Hi @Maxime Dénès, we are seeing an anormaly high number of runner failures. coqbot is not robust to these situations because it tries to restart automatically the jobs that failed with such errors. I had to cancel all running pipelines.
Anormaly high = all jobs have been failing for the last ~hour I think.
Ouch. Do you have an example of a failure? I'll investigate
Look for any job here: https://gitlab.com/coq/coq/-/jobs
The only jobs that did not fail are the ones that ran on #18070127 (dQN1ZPjc) coq-docker-machine-driver.
Oh but that's most of the runners which were ok, then.
It would have been better to just pause the two problematic runners IMHO (the ones which run on pendulum).
Yes, sorry I had to react in urgency.
Maxime Dénès said:
Oh but that's most of the runners which were ok, then.
What? Not at all!
Didn't you say all jobs taken by coq-docker-machine-driver were suceeding?
That's the CloudStack orchestrator.
OK, maybe I am blinded by the fact that the list of jobs is flooded by the failing ones.
Running docker machine, as the name indicates.
So 7 / 9 runners were ok, IIUC.
But why do all the non-problematic jobs have exactly the same runner ID then?
Because it's one docker-machine runner
OK
Which orchestrates 7 docker runners
OK
I paused the two pendulum runners I added yesterday, they must have a pb.
OK, I will restart the cancelled pipelines then.
You can do one and see if it looks ok
It is a bit unfortunate that I have to add workers on the side, but we are using all our CloudStack quotas and I didn't hear back from the order on external cloud providers (despite asking), so there's not much I can do to add capacity to my docker-machine stuff.
Yesterday I fixed one of the bench machines which hadn't been working for a while, I'll try to add runners on it too.
A good thing about how GitLab works is that when I restart cancelled pipelines, it only does so for failed or cancelled jobs.
So far, it seems that there are no longer any runner failures.
Pendulum's hard drive is dying, so I'm not surprised we see issues.
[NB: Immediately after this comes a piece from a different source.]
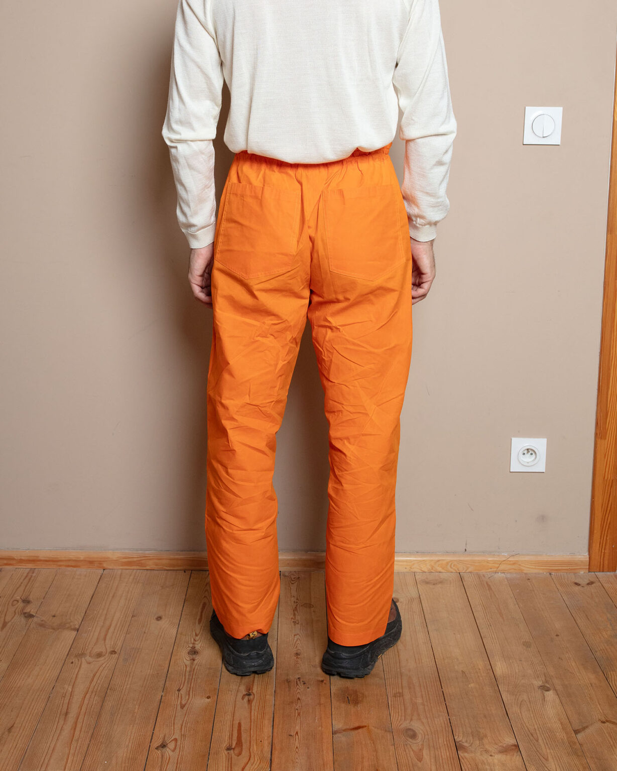 . Design : Taille élastique, pate de boutonnage caché, lien de serrage, poches latérales, poches plaquées arrières,

I'll switch these runners to the bench machines instead.
(keeping only 2 machines dedicated to benches should be enough until we fix these CI capacity issues)
Are you sure we want coqbot to restart pipelines on system failures?
Not sure it is a good idea anymore.
When we started using GitLab CI, runner failures were common.
And this was a way of avoiding the hassle of manually restarting them.
But with our own runners, it doesn't seem such a good thing any longer.
So I'll push a commit disabling this feature, at least for now.
It could still be that we have such spurious failures, but it's hard to tell, we can try and see.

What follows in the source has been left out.